# Rustic oak furniture finishes???



## oakleyframer (3 Mar 2012)

Hello,
First post on here but been lurking for quite a while,
So basically i am an oak framer and build houses not furniture so i haven't got the first clue about finishing furniture and was after some advice on what i should use on a rustic oak beam coffee table and TV stand i have just made, 
-i would like to keep the colour of the oak as it is as much as possible
-i would like to bring out the grain if possible
-i would like something which will take a little abuse as its a coffee table and accidents happen (more often than not in my house!! :? )
- i dot want loads of sheen on the oak, its wood not a mirror!

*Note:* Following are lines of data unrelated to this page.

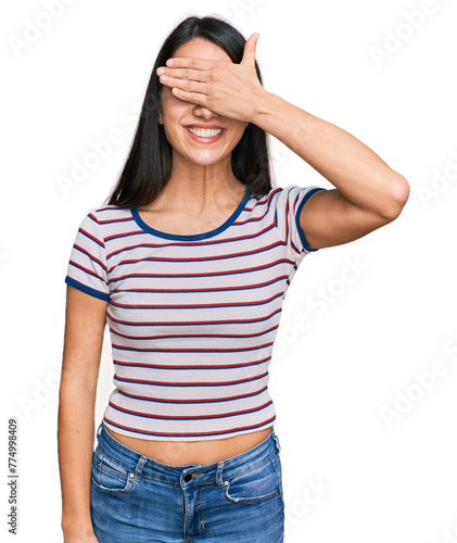 Young hispanic girl wearing casual striped t shirt smiling and laughing with hand on face covering eyes for surprise. blind concept.
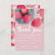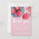 Say thank you in the sweetest way with this adorable Berry First Birthday thank you card. Featuring a soft pink background with playful strawberry illustrations and a charming retro plate detail, this design includes a photo space to showcase your little one. Whimsical typography and gentle colors create a fun yet elegant keepsake, perfect for thanking guests for celebrating such a special milestone. A delightful finishing touch for strawberry-themed first birthday parties and summer celebrations.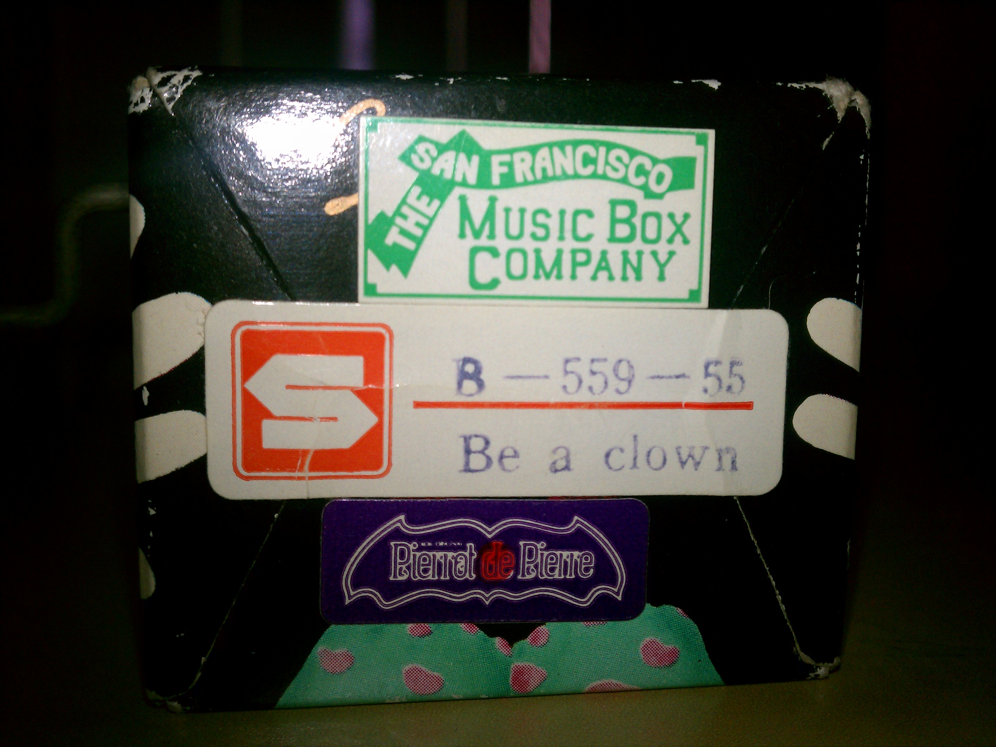 A small music box completely covered with cardboard and vintage clown painted on it. A side bar that makes the music player work.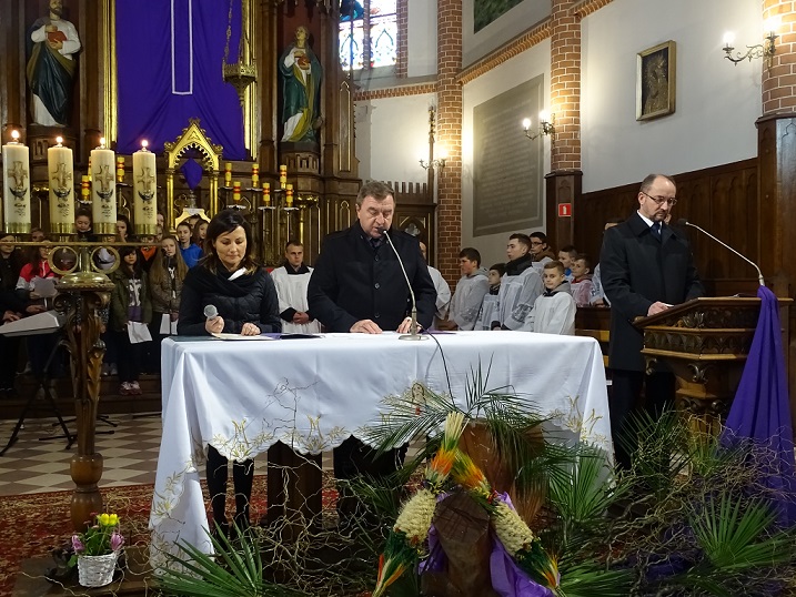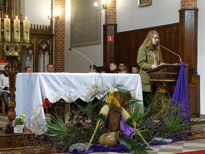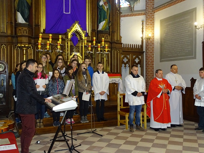 Niezwykle wzruszającym momentem nabożeństwa była przepięknie odśpiewana Pasja. Opis Męki Pańskiej zaprezentowany został z podziałem na role przez Panią Katarzynę Kubiak, Pana Zbigniewa Kuciarę i Pana Pawła Jędrę. Solistów wspierał chór szkolny pod opieką Pana Tomasza Kubiaka.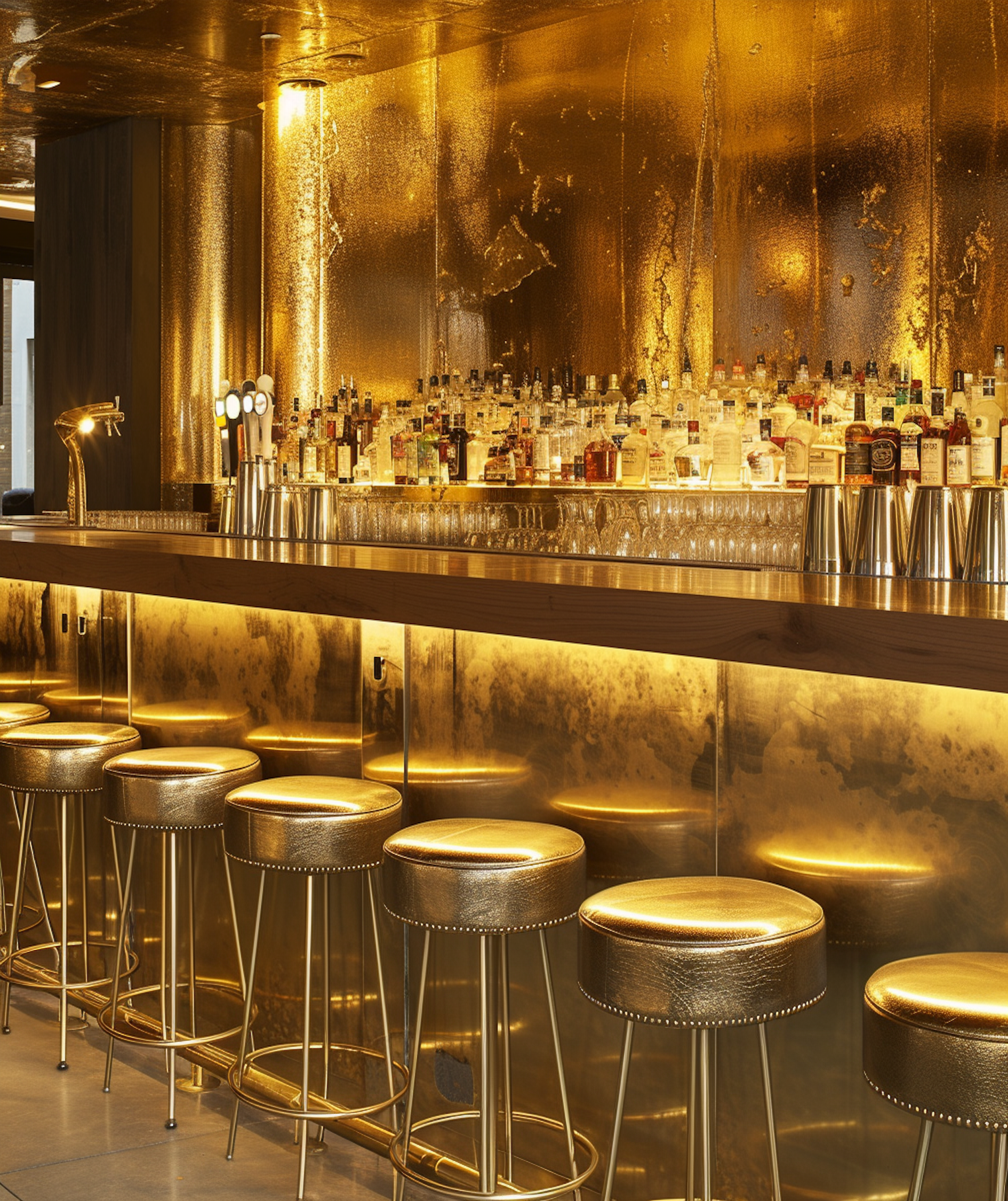 Luxurious bar with golden decor, featuring gold leather stools and a wide array of liquor bottles, creating an opulent atmosphere.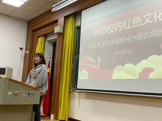 In order to deepen CCNUers' understanding and learning of revolutionary resources on campus, two members of the Know-Act-Garden volunteer service team came to Classroom 1101, the site for the evening roll call of undergraduates of Class 2020 of School of Political Communication, on the evening of April 11, to conduct a lecture on the theme of "Introduction of revolutionary resources in CCNU".

So yeah, any suitable advice would be appreciated on finishes, also if you think you know of a suitable product,/combination of products, some info on how many coats, time between coats, application etc etc would be nice, one thing i do know about finishing is i do not like the finish linseed oil gave to a carvers mallet one of the blokes in the workshop made totally lost eh colour of the oak 
I looked on furniture websites selling similar pieces and they offer a choice of oils or waxing, the clear waxing looked ok but it didn't do much for the grain and i'm thinking its not going to provide a very protective durable finish?

also dont know if it makes any difference but the oak is fairly dry (150x150posts), from green its been sat around a very dry yard with lots of exposure to sun and wind for 3 years roughly, so i cant see there's much more moisture in there to worry about effecting the finish.

thanks in advance J


----------



## Woodfinish Man (5 Mar 2012)

Hi J,

Based on all your specification I think the best product you could use would be a waterbased polyurethane finish. Something like Aquacoat XTRA or Bona Mega. Although both of these products are primarily used on wooden floors they can also be used for furniture. They offer excellent protection and will also bring out the grain of the wood without changing the colour too much. It's difficult to bring out the grain without altering the colour but these two products change it the least.

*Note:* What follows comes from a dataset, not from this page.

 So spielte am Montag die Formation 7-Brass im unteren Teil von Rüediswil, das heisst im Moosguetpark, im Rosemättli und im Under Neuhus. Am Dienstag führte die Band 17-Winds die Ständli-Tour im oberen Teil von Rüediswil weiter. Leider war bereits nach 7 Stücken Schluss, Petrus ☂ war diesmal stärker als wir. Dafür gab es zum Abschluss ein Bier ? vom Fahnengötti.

They are also fast drying (2 hours between coats) with 2-3 coats recommended. In your situation I think it would be best to apply eith of them using a quality paint brush remembering to lightly sand (denib) the surface after the first coat.

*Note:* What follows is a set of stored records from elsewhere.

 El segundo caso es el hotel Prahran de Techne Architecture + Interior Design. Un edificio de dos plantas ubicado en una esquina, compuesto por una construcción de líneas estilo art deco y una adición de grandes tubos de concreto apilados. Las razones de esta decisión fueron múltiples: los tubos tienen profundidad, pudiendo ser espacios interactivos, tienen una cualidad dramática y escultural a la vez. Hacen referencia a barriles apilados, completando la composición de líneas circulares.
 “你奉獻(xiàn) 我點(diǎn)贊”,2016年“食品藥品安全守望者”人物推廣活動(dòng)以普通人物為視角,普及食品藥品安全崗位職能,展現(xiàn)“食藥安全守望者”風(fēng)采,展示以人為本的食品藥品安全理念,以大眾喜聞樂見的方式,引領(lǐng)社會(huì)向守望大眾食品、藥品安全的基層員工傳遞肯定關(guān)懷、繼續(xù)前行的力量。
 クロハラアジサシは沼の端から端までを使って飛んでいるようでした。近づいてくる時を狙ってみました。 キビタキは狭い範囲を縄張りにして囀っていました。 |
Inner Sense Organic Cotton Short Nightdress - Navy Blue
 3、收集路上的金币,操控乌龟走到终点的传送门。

I hope that this information is of some assistance.

Ian McAslan


----------



## DrPhill (12 Mar 2012)

Well, I am a newbie here, and have little experience of wood finishes but I always prefer my home-made beeswax polish. It is not durable and will need re-waxing occasionally but that job falls into a different domestic department so I do not mind at all. I am not a fan of finishes that 'set' - neither the polyurethane type nor the nut oils (eg tung nut). They work but look 'wrong' to my eyes.

Click on the link to a box I made in my signature line - that is my wax on hardwood (probably mahogany but it was salvaged, so I am not sure). I have used the wax on an oak box that I stripped (of horrid dark flakey varnish), and really liked the way the grain looked afterwards.


----------



## RogerS (19 Mar 2012)

Micro-crystalline wax


----------



## oakleyframer (2 Apr 2012)

thanks for the replys, prob go with the waterbased polyurethane, thanks again, good info ian


----------